This is LeetCode 918: Maximum Sum Circular Subarray, and it builds directly on top of Maximum Subarray. If you already know Kadane's algorithm, the question becomes: how do you handle wrapping? The trick is elegant, and once you see it, you will never forget it.

Input: [5, -3, 5]. The wrapping subarray [5, 5] (indices 2 then 0) sums to 10, beating the non-wrapping max of 5.

The two cases

When the array is circular, the maximum subarray falls into one of two cases:

Non-wrapping: the maximum subarray sits entirely within the linear array, just like a normal Kadane's problem.
Wrapping: the maximum subarray wraps around the end, including some suffix and some prefix of the array.
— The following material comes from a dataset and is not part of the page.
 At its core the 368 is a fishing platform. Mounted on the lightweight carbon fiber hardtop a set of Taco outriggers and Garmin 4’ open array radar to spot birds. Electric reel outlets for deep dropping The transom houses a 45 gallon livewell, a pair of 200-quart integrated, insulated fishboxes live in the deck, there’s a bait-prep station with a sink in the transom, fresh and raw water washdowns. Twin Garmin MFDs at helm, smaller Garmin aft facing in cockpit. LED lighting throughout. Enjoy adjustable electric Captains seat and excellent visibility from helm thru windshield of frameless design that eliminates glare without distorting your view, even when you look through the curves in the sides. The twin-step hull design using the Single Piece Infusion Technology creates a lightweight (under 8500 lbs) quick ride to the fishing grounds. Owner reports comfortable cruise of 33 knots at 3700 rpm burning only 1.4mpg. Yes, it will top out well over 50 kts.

For case 1, you run standard Kadane's and get max_sum. But how do you efficiently find the best wrapping subarray?

The key insight: wrapping = total minus the minimum

Here is the trick. If a wrapping subarray uses elements from both ends but skips some middle portion, then the elements it skips form a contiguous non-wrapping subarray. The sum of the wrapping subarray is:

wrapping_sum = total_sum - sum_of_skipped_elements

To maximize wrapping_sum, you want to minimize the skipped portion. In other words, you want the minimum subarray sum. So:

wrapping_sum = total_sum - min_subarray_sum

You can find the minimum subarray sum with an inverted Kadane's algorithm in the same pass.

Think of it this way: in a circular array, choosing which elements to include on the wrap is the same as choosing which contiguous block in the middle to exclude. Excluding the minimum subarray maximizes what remains.
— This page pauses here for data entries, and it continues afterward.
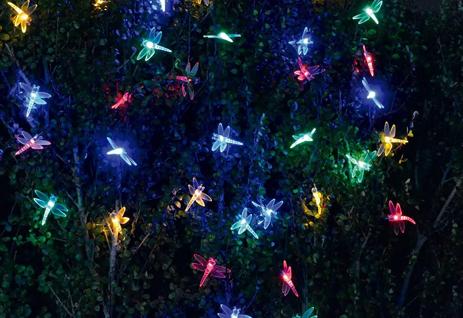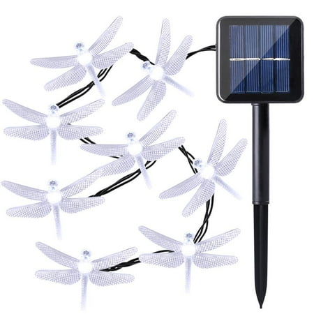This decorative solar light has a 208 foot string that features 20 color changing dragonfly shaped lights that can cause people to stop and stare at outdoor areas of your home. Gigalumi 2 pack solar strings lights 20 feet 30 led dragonfly solar fairy lights garden lights for outdoor home lawn wedding patio party and holiday decorations multi color.
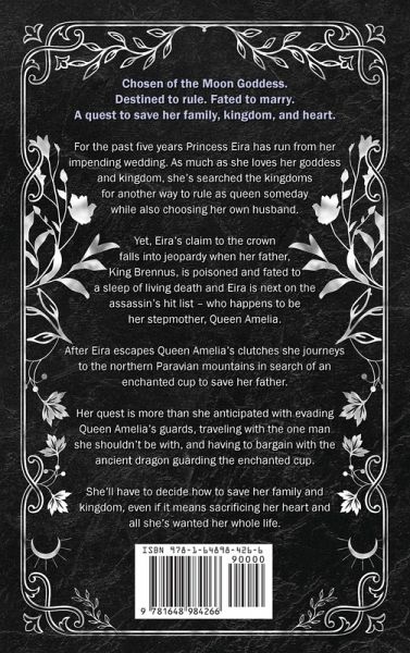 For the past five years Princess Eira has run from her impending wedding. As much as she loves her goddess and kingdom, she's searched the kingdoms for another way to rule as queen someday while also choosing her own husband. Yet, Eira's claim to the crown falls into jeopardy when her father, King Brennus, is poisoned and fated to a sleep of living death and Eira is next on the assassin's hit list - who happens to be her stepmother, Queen Amelia. After Eira escapes Queen Amelia's clutches she journeys to the northern Paravian mountains in search of an enchanted cup to save her father. Her quest is more than she anticipated with evading Queen Amelia's guards, traveling with the one man she shouldn't be with, and having to bargain with the ancient dragon guarding the enchanted cup. She'll have to decide how to save her family and kingdom, even if it means sacrificing her heart and all she's wanted her whole life. If you like Sarah J Maas, Jennifer Estep, and Maxym Martineau, then you'll love this adult fantastical retelling of the classic Snow White fairy tale.
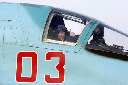 Updated: 2009-03-29 17:04 MOSCOW – Russian President Dmitry Medvedev Saturday made a 30-minute flight on Sukhoi-34 fighter-bomber, following an example set by his powerful predecessor Vladimir Putin.
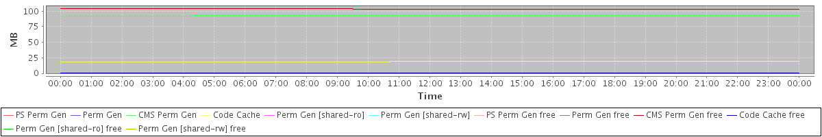 avg(PS Perm Gen) = 0.00 avg(Perm Gen) = 0.00 avg(CMS Perm Gen) = 92.64 avg(Code Cache) = 18.77 avg(Perm Gen [shared-ro]) = 0.00 avg(Perm Gen [shared-rw]) = 0.00 avg(PS Perm Gen free) = 0.00 avg(Perm Gen free) = 0.00 avg(CMS Perm Gen free) = 103.36 avg(Code Cache free) = 0.24 avg(Perm Gen [shared-ro] free) = 0.00 avg(Perm Gen [shared-rw] free) = 0.00

Walking through it step by step

Let's trace through nums = [5, -3, 5]. We compute max subarray, min subarray, and total sum, then combine them.

Step 1: Compute max subarray using Kadane's

Run standard Kadane's. cur_max at each element: 5, 2, 5. max_sum = 5. The best non-wrapping subarray is [5] (either one).

Step 2: Compute min subarray using Kadane's (inverted)

Run inverted Kadane's for the minimum. cur_min at each element: 5, -3, 2. min_sum = -3. The minimum subarray is [-3].

Step 3: Compute total sum

total = 5 + (-3) + 5 = 7. This is the sum of all elements.

Step 4: Wrapping sum = total - min_sum

wrapping_sum = total - min_sum = 7 - (-3) = 10. This represents selecting everything except the min subarray, which wraps around.

Step 5: Answer = max(max_sum, wrapping_sum)

max(5, 10) = 10. The wrapping subarray [5, 5] wins. Final answer: 10.

The wrapping subarray [5, 5] (index 2 then index 0) beats the non-wrapping max of 5. The answer is 10.

Practice this problem with spaced repetition

The code

Here is the full implementation in Python:

def maxSubarraySumCircular(self, nums: list[int]) -> int:
    max_sum = nums[0]
    min_sum = nums[0]
    cur_max = 0
    cur_min = 0
    total = 0
    for n in nums:
        cur_max = max(cur_max + n, n)
        max_sum = max(max_sum, cur_max)
        cur_min = min(cur_min + n, n)
        min_sum = min(min_sum, cur_min)
        total += n
    if max_sum < 0:
        return max_sum
    return max(max_sum, total - min_sum)

Let's walk through each piece:

cur_max and max_sum track the standard Kadane's maximum subarray. At each element, decide whether to extend the current subarray or restart.
cur_min and min_sum do the same thing but in reverse, finding the minimum subarray sum.
total accumulates the sum of all elements.
The edge case check: if max_sum is negative, every element is negative. In that case total - min_sum would be 0 (the "wrapping subarray" would be empty, which is not allowed). So you return max_sum directly, which is the largest single element.
Otherwise, the answer is the better of the non-wrapping max and the wrapping sum.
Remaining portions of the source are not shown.